Utopías e ilusiones naturales. Aproximaciones a un clásico (I)

Fuentes: Rebelión

        Apuntemos esta definición que ya debe haberse formulado. Un clásico es un libro que al leerlo uno sabe y siente que va a releerlo una y otra vez, cuantas veces pueda. Y no sólo él, sino otros muchos, incluyendo lectores de futuras generaciones. Si es así, y parece muy razonable que […]

 

 

 

 

Apuntemos esta definición que ya debe haberse formulado. Un clásico es un libro que al leerlo uno sabe y siente que va a releerlo una y otra vez, cuantas veces pueda. Y no sólo él, sino otros muchos, incluyendo lectores de futuras generaciones.
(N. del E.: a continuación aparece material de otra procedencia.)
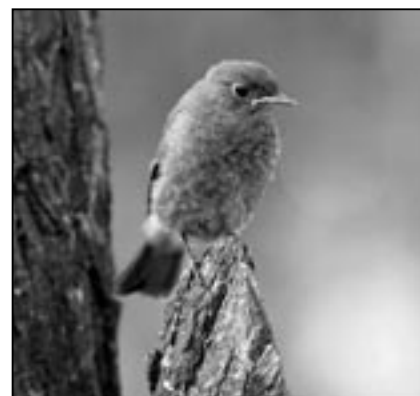
Rehek domácí - komínček je sympatický malinký ptáček. Můžeme jej často spatřit i ve Starém Městě.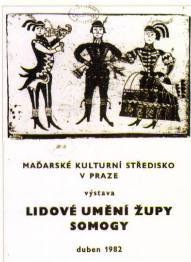
Somogy népművészete című kiállítás Prága, 1982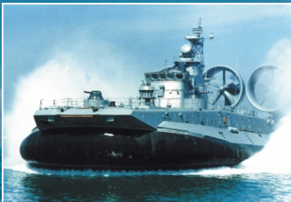
Десантный корабль на воздушной подушке проекта 12322 «Зубр»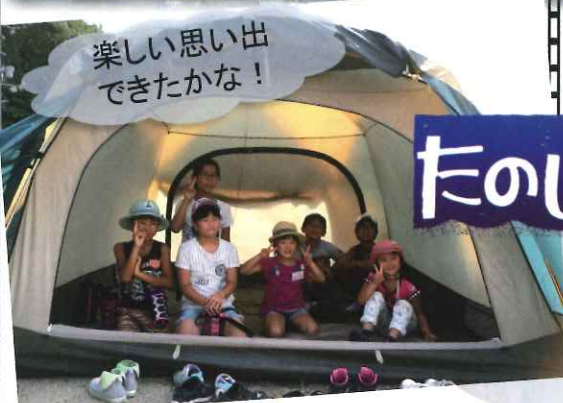
楽しい思い出 できたかな！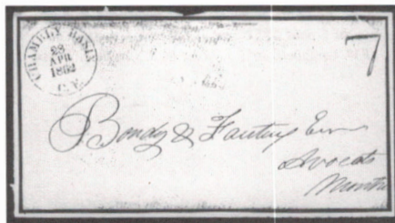
ill. 13 : Pli revêtu d'un Changeling de Chambly Basin en date du 28 avril 1862 sans lettre, coll. A. Walker.

Un premier pli, qui appartenait à la collection formée par David P. Ewens, présentait le Changeling de Chambly Basin en date du 28 avril 1862 (ill. 13). Ce qui devance d'une année la connaissance traditionnelle de son utilisation postale. Un second pli, fourni par François Bienvenue, spécialiste de l'histoire postale de Chambly, a été estampillé par cette marque du Changeling employée par le bureau de poste de Chambly Basin en date du 17 février 1873 (ill. 14).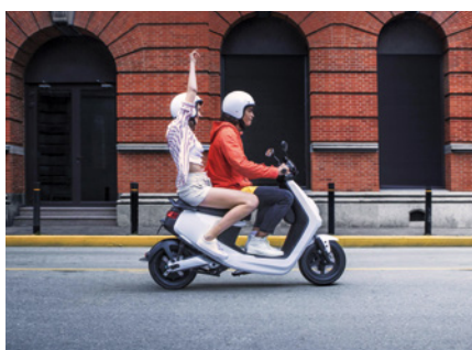
Niu Mplus (Elektro)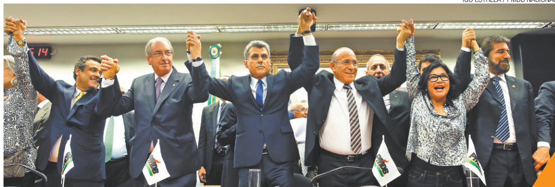
Acabou! - Romero Jucá, vice-presidente nacional do PMDB, declarou a aprovação por votação simbólica

Após a comemoração dos presentes, um grupo gritou, em coro, "Brasil, pra frente, Temer presidente" e Jucá emendou. "A partir de hoje, nessa reunião histórica, o PMDB se retira da base e ninguém no País está autorizado a exercer qualquer cargo federal em nome do PMDB". Jucá encerrou o encontro com um "Viva o Brasil" e membros do partido ainda tiveram tempo para entoar um "Fora PT".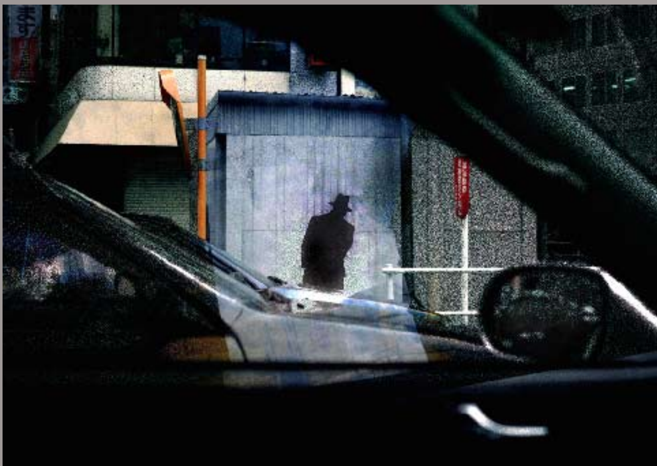
Advertising man, Tokyo, 1998 (Série "Car Maniac", The Globe Theater)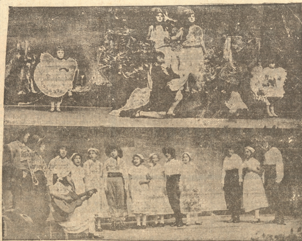
ALEGORIA, POR LOS CURSOS DEL III C. Y D. PERICON ARGENTINO POR EL III B.

Cuando su cabello o bigote se pone canoso, debe emplear La Tintura Instantánea Francois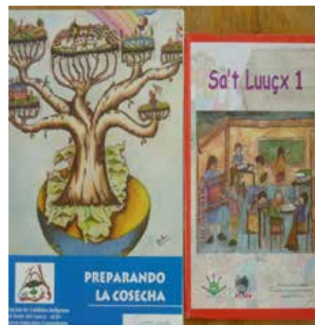
Figura 1. Material didáctico del Proyecto Educativo Comunitario (PEC).

Durante los años noventa se impulsa la construcción de los Proyectos Educativos Comunitarios (PECs) 13 , se elaboraron materiales educativos bilingües (Ver Figura 1.) impulsando la promoción de experiencias educativas a partir de centros experimentales comunitarios de educación bilingüe (CE-CIBS), se diseñan las áreas del currículo propio y se impulsa, con mayor vigor, la investigación y la capacitación de maestros indígenas (CRIC, 2004).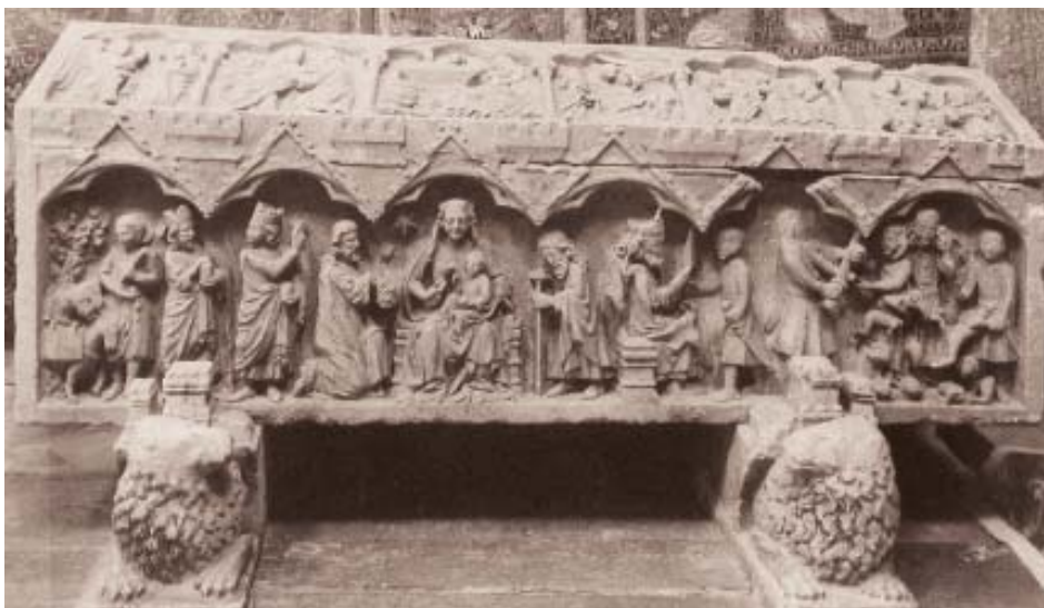
Fig. 11. Sepulchro de doña Berenguela. Monasterio de Santa María la Real de las Huelgas (Burgos).

Niño le falta la cabeza y la de la Virgen se encuentra muy dañada y apenas se aprecian en ella las cuencas de los ojos (fig. 9). Pese al desgaste del conjunto, se percibe que su estilo e iconografía se relacionan con el tímpano de Santa María del Azogue y se podría también fechar hacia el primer cuarto del siglo XIV (fig. 4) 17 .

Si es así, y parece muy razonable que sea así, entonces Utopías e ilusiones naturales, el último libro de Francisco Fernández Buey (FFB) -editado por El Viejo Topo, Barcelona, 2007- va a ser un clásico de la historia de las ideas, de la filosofía política, de la filosofía sin adjetivos

Veamos la obertura y los compases finales de la obra. Fernández Buey abre su historia con una cita del Zibaldone di pensieri, un conjunto de anotaciones escritas por Giocamo Leopardi entre 1817 y 1832. El magnífico paso seleccionado es el siguiente:

El placer más sólido de esta vida es el vano placer de las ilusiones. Considero las ilusiones como algo en cierto modo real teniendo en cuenta que son ingredientes esenciales del sistema de la naturaleza humana, otorgadas por la Naturaleza a todos y cada uno de los seres humanos; de manera que no es lícito entenderlas como sueño particular sino como propias del ser humano y queridas por la Naturaleza. Sin las ilusiones nuestra vida sería la más mísera y bárbara de las cosas.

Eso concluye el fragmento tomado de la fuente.